DATA SUPPLIED =>

══════════════════════════════

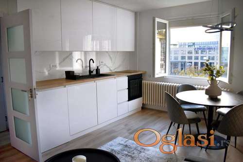 Tekst oglasa: <p>Moderno opremljen potpuno renoviran stan prekoputa Sajma. <br /> Treci sprat, zgrada ima lift.</p> <p>40m2 sa terasom. Sve sto je potrebno za udoban zivot</p> <p>Javni parking ispred zgrade.</p> |
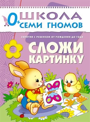 В этой книге достаточно сложные задания. Поэтому для начала можно просто рассматривать иллюстрации в книге. А ближе к году разрезать каждую картинку на 2 части и учить малыша составлять из них целое. Складывать надо грибок, бабочку, божью коровку, цветочек, рыбку, кораблик и др. В ходе такой игры развивается восприятие и логическое мышление малыша.
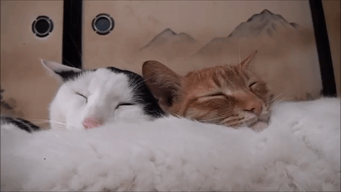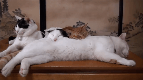 ふわっふわのまくらの上で、なかよく眠りにつくねこちゃんズ。
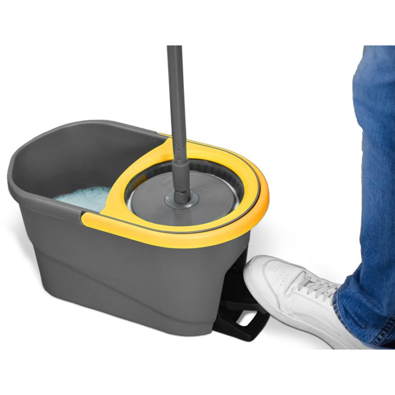 Швабра для мытья полов в комплекте с ведром с педалью для отжима, отжимом из нержавеющей стали, ручкой и мопом из микрофибры, который можно снимать и стирать. Быстро сохнет, можно стирать и сушить. Швабру можно без усилий отжать, просто нажав на педаль ногой. Идеально подходит для всех типов полов.
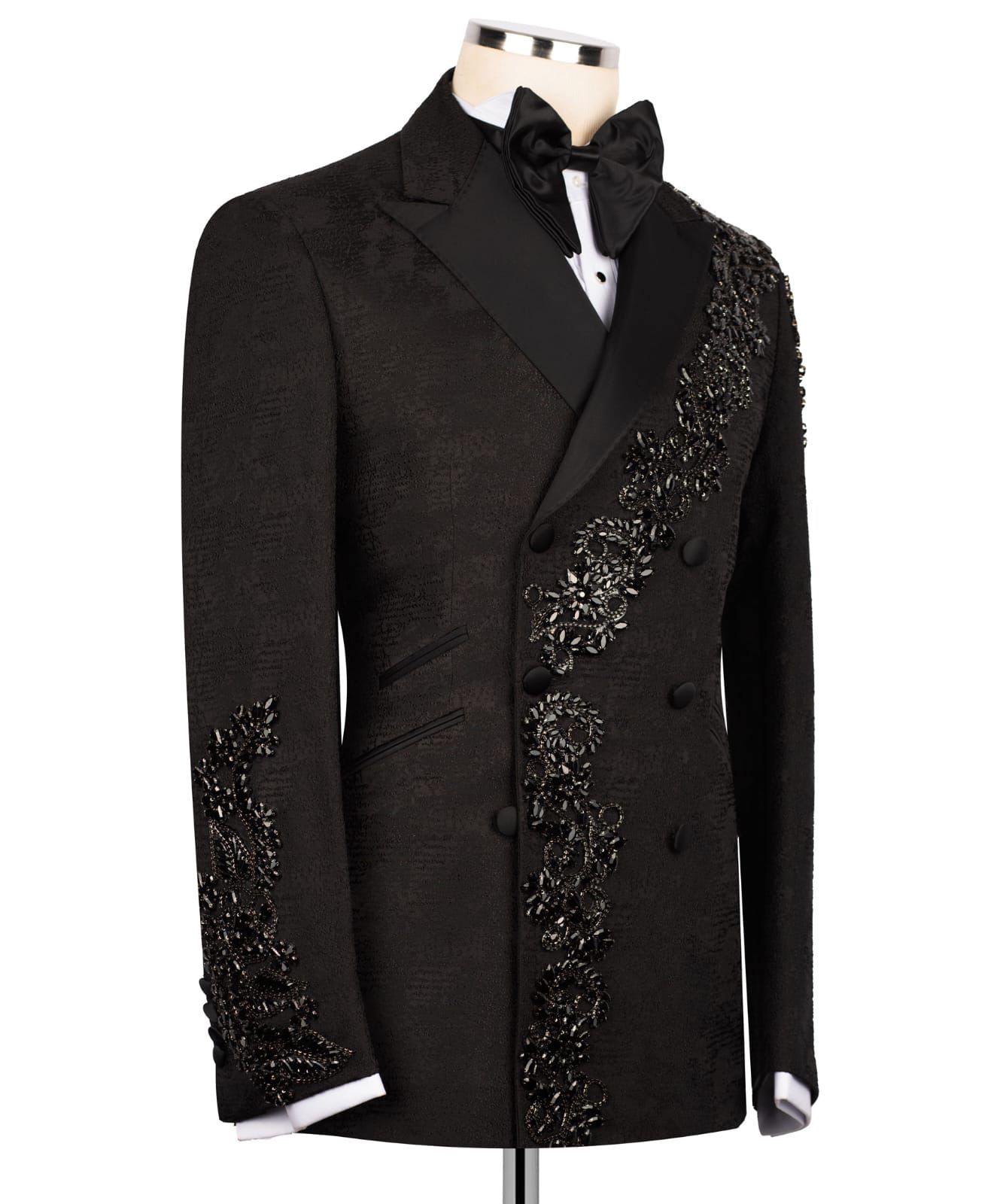 This stylish tuxedo is a showstopper. Features asymmetrically embellished rhinestones on the shoulder and off the cuff. Crafted from a luxurious silk-wool blend and designed with a relaxed, tailored fit. Can be paired with multiple accessories for a refined, polished look.

══════════════════════════════

WHAT YOU SHOULD DO =>
From the line with "В этой книге" up to and including the line with "ふわっふわのまくらの上で、なかよく眠りにつくねこちゃんズ。" above, retype every line exactly and nothing more; leave out the pictures.

RESULT =>
 В этой книге достаточно сложные задания. Поэтому для начала можно просто рассматривать иллюстрации в книге. А ближе к году разрезать каждую картинку на 2 части и учить малыша составлять из них целое. Складывать надо грибок, бабочку, божью коровку, цветочек, рыбку, кораблик и др. В ходе такой игры развивается восприятие и логическое мышление малыша.
 ふわっふわのまくらの上で、なかよく眠りにつくねこちゃんズ。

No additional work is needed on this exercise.